The digital revolution changed technology from a continuous analog format to a discrete digital format. This change made it possible to create perfect copies that were exactly the same as the original. For example, in digital communication, special hardware could boost the digital signal and send it along without losing any information. Just as important to this revolution was the ability to easily move digital information between different media and to access or share it from far away. One major moment in the revolution was the change from analog to digitally recorded music.^[6] During the 1980s, the digital format of optical compact discs (CDs) slowly replaced analog formats, such as vinyl records and cassette tapes, as the most popular choice.^[7]

Previous inventions

Humans have been making tools for counting and calculating since ancient times, such as the abacus, astrolabe, equatorium, and mechanical clocks. More complex tools started to appear in the 1600s, including the slide rule and mechanical calculators. By the early 1800s, the Industrial Revolution had led to mass-market calculators like the arithmometer and the enabling technology of the punch card. Charles Babbage proposed a mechanical, general-purpose computer called the Analytical Engine, but it was never built successfully and was largely forgotten by the 20th century. Most inventors of modern computers were unaware of it.
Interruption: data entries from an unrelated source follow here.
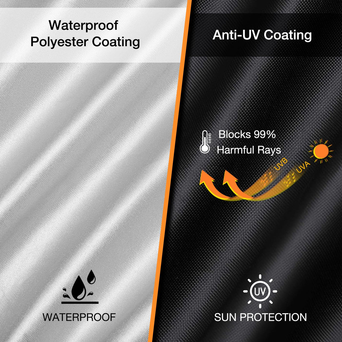??Material?NEVERLAND ATV Cover use the Polyester Taffeta fabric, which is more anti-ultraviolet, weather-resistant, tear-resistant and wear-resistant. The cover wrap your ATV quad bike from top to the bottom coverage, protect your ATV against dust, rain, heat, tree sap, damaging UV rays & inclement weather | ??Waterproof Quad Cover?Our outdoor cover with rainproof fabric and waterproof PU coating (silvering), better waterproof performance. Neverland ATV Cover can completely resolve the problem of water seepage of other similar products. Your ATV will perfectly keep dry in all weather all seasons | ??Fine Workmanship?1?? Four handle reflective strips, portably and greatly enhance the safety for parking at night; 2?? ATV Cover with adjustable bandage, windproof buckle and elastic band for stronger windproof ability; 3??Front indicative mark on the ATV Covers for quick installation; 4??Two-thread stitching on the heavy duty, longer service life and better waterproof performance | ??2 Faces Usable? Reversible design, different usage for the front and rear surface: silver face up for summer with it’s ultraviolet-proof silver layer, and the opposite side (black face up) for winter with stronger heat absorbtion to against quad cover frozen and for easier notice in snow days | ?Easy for Storage? Waterproof heavy duty 4 wheeler covers outdoor storage cover comes with portable bag, easier for storage, you can take the ATV cover wherever you want. The waterproof ATV cover Size XXXL is (100.79" × 43.31" × 47.24"), please check the size data carefully before you purchase, If you have any questions about size, just feel free to contact us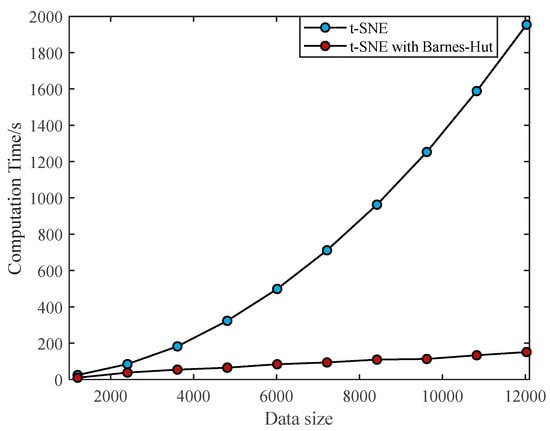 Computation time between conventional t-SNE and accelerated t-SNE with Barnes–Hut algorithm with different data sizes.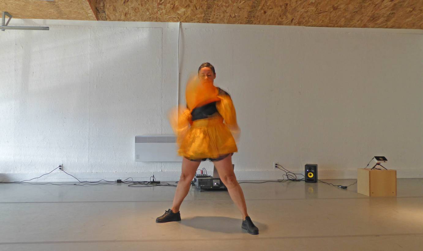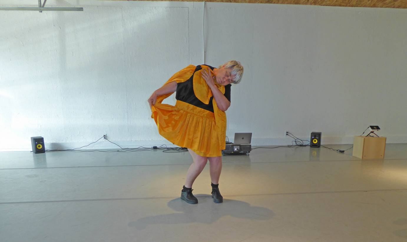 Karen Bernard: The yellow and black taffeta dress was made for me by a young designer in the early 1980s. I think of it as a Bauhaus-constructed cheerleader uniform. It no longer fits me, so I began to think of it as a missing body— and yet it fits Lisa Parra, my younger self. Who was the missing body? And so, it began. I watched a wide range of films from Kill Bill to when Harry Met Sally. Lisa’s solo was influenced by the Beyoncé movie Homecoming. I loved it. Wow what a body, what charisma, and great staging. What I found out was that she stole the movement from choreographer Anne Teresa de Keersmaeker. So, I decided to steal from Beyoncé. Lisa ran with it to the digital sound of Boris Billier, breaking the movement up, repeating, and standing up against the violence.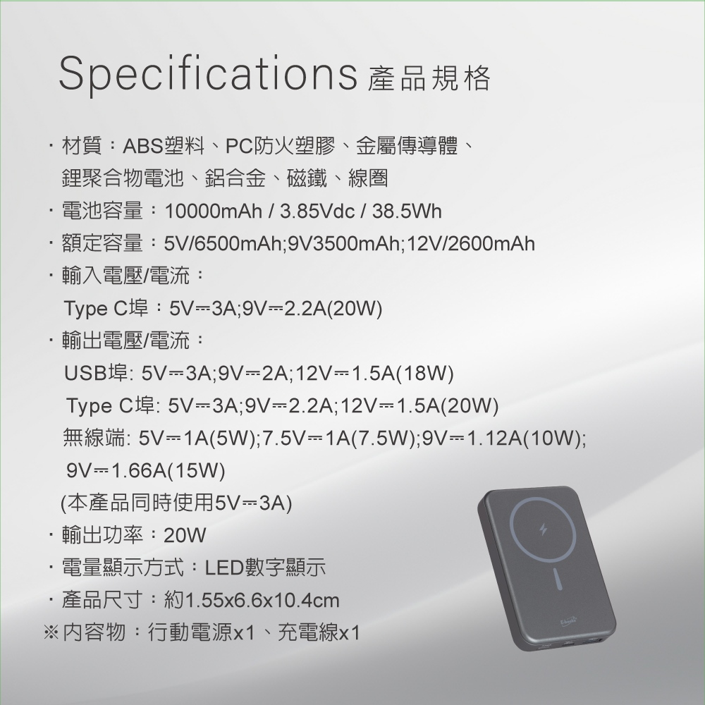 Type C埠: 5V⎓3A;9V⎓2.2A;12V⎓1.5A(20W)
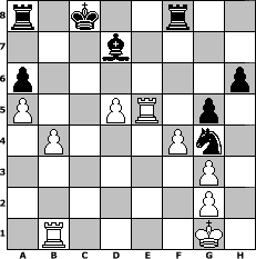 Partie-Notation im PGN-Format [Event "OhneEngine ins neue Jahr"] [Site "www.mySchach.de"] [Date "2009.12.16"] [Round "2"] [White "Steppenwolf"] [Black "commander"] [ECO "C40"] [WhitemyELO "1271"] [BlackmyELO "1154"] [Result "0-1"] [TimeControl "10/2592000"] [WhiteDays "30"] [BlackDays "25"] [MySchachNr "61607"] 1. e4 e5 2. Nf3 f6 3. Nc3 c5 4. Bb5 a6 5. Ba4 b5 6. Bb3 c4 7. Bxc4 bxc4 8. O-O Nc6 9. Re1 d6 10. d3 cxd3 11. cxd3 f5 12. Bg5 Qb6 13. b3 f4 14. Rb1 h6 15. Bh4 g5 16. Bg3 fxg3 17. hxg3 Nf6 18. Nd5 Nxd5 19. exd5 Nb8 20. a3 Nd7 21. d4 Bg7 22. b4 Nf6 23. a4 Ng4 24. dxe5 dxe5 25. a5 Qa7 26. Re2 Bd7 27. Qd4 Qxd4 28. Nxd4 Bf8 29. f3 Nf6 30. Rxe5+ Kd8 31. Ne6+ Kc8 32. Nxf8 Rxf8 33. f4 Ng4 0-1 Stellungs-Notation im FEN-Format r1k2r2/3b4/p6p/P2PR1p1/1P3Pn1/6P1/6P1/1R4K1 - - - 1 34 Geschlagene Figuren Weiss: Geschlagene Figuren Schwarz: Klicken Sie auf eine geschlagene Figur um den gewünschten Zug darzustellen!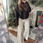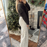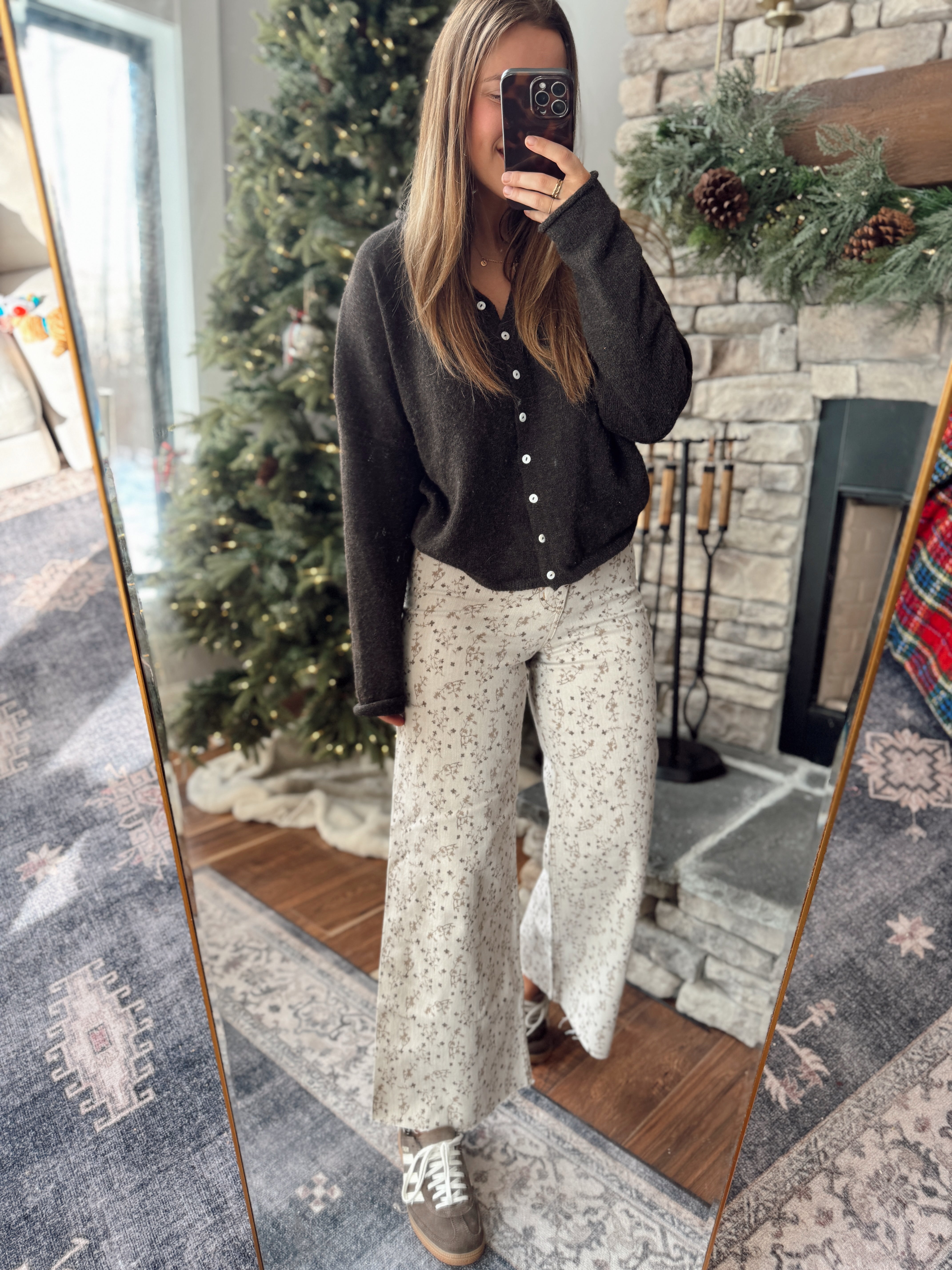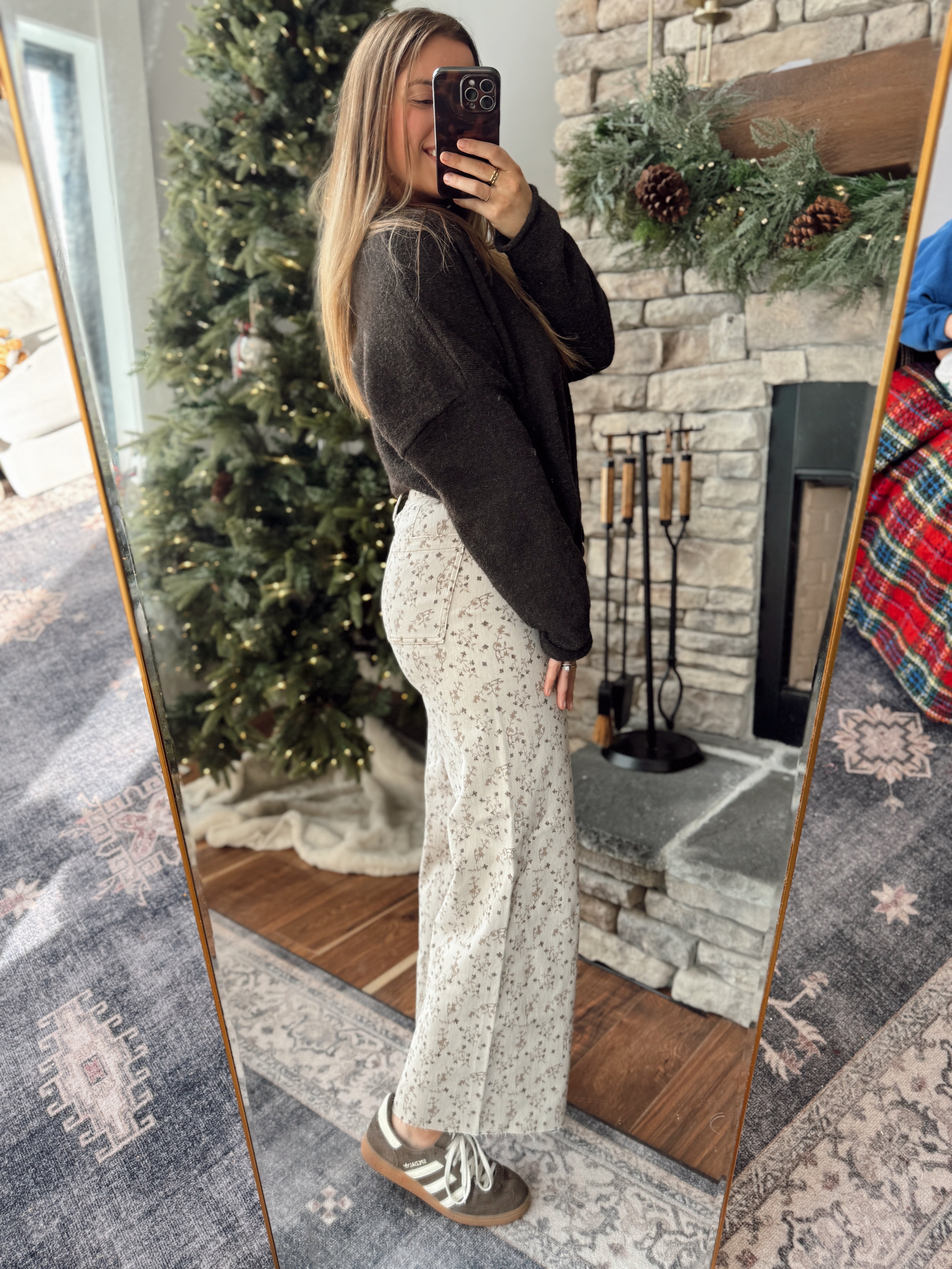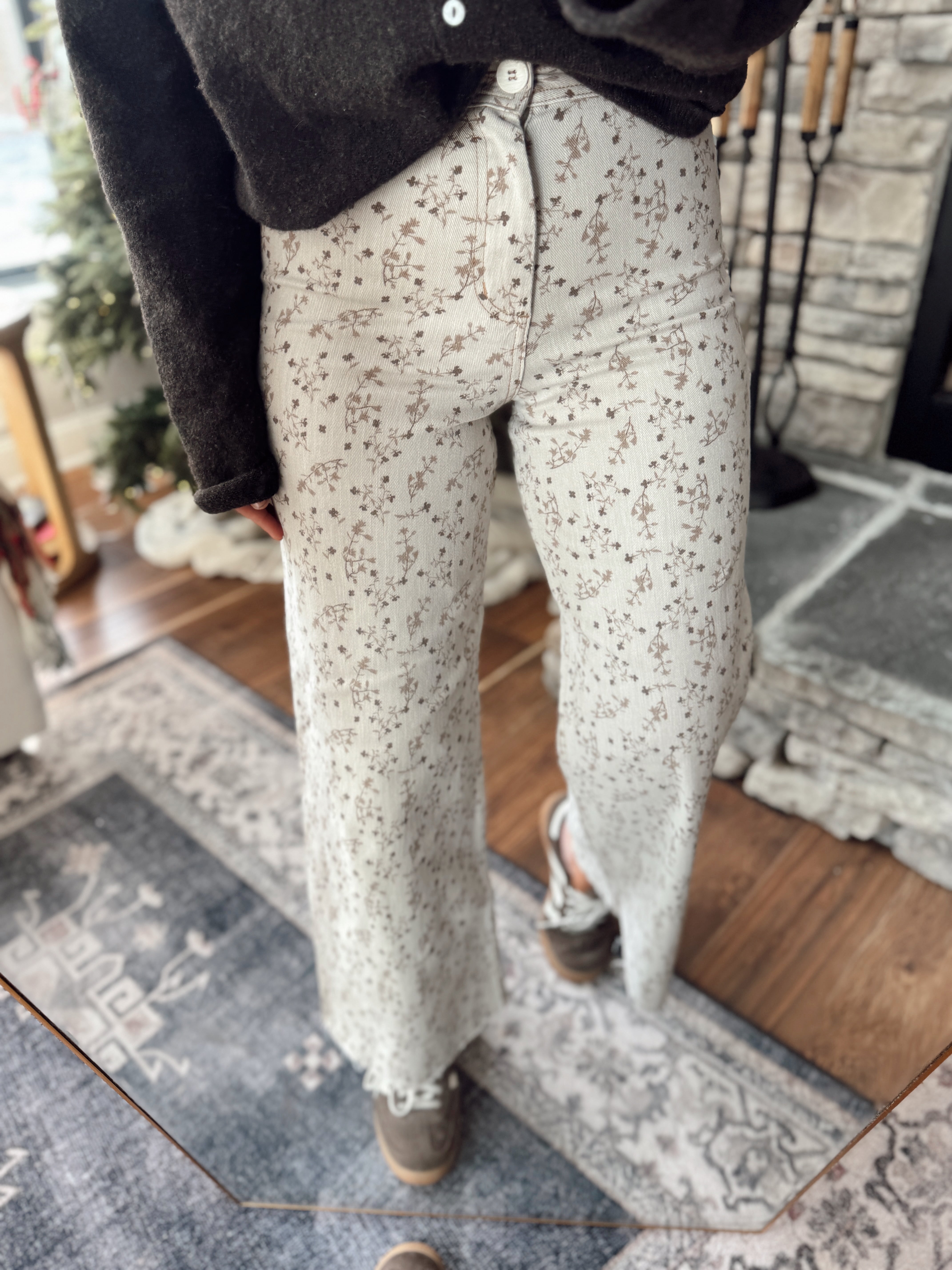 These vintage-inspired wide leg jeans are everything. A soft neutral base with a dainty floral print gives them that dreamy, feminine touch while keeping them totally wearable year-round. The structured denim fit with a relaxed leg makes them flattering and comfy all at once.

The Second Industrial Revolution in the last 25 years of the 19th century led to useful electrical circuits and the telegraph. In the 1880s, Herman Hollerith created electromechanical counting and calculating devices using punch cards and unit record equipment, which became widely used in business and government.

At the same time, various analog computer systems used electrical, mechanical, or hydraulic systems to model problems and find answers. These included a tide-predicting machine (1872), differential analyzers, perpetual calendar machines, the Deltar for water management in the Netherlands, network analyzers for electrical systems, and various machines for aiming military guns and bombs. The building of analog computers for specific problems continued into the late 1940s and beyond with FERMIAC for neutron transport, Project Cyclone for military uses, and the Phillips Machine for economic modeling.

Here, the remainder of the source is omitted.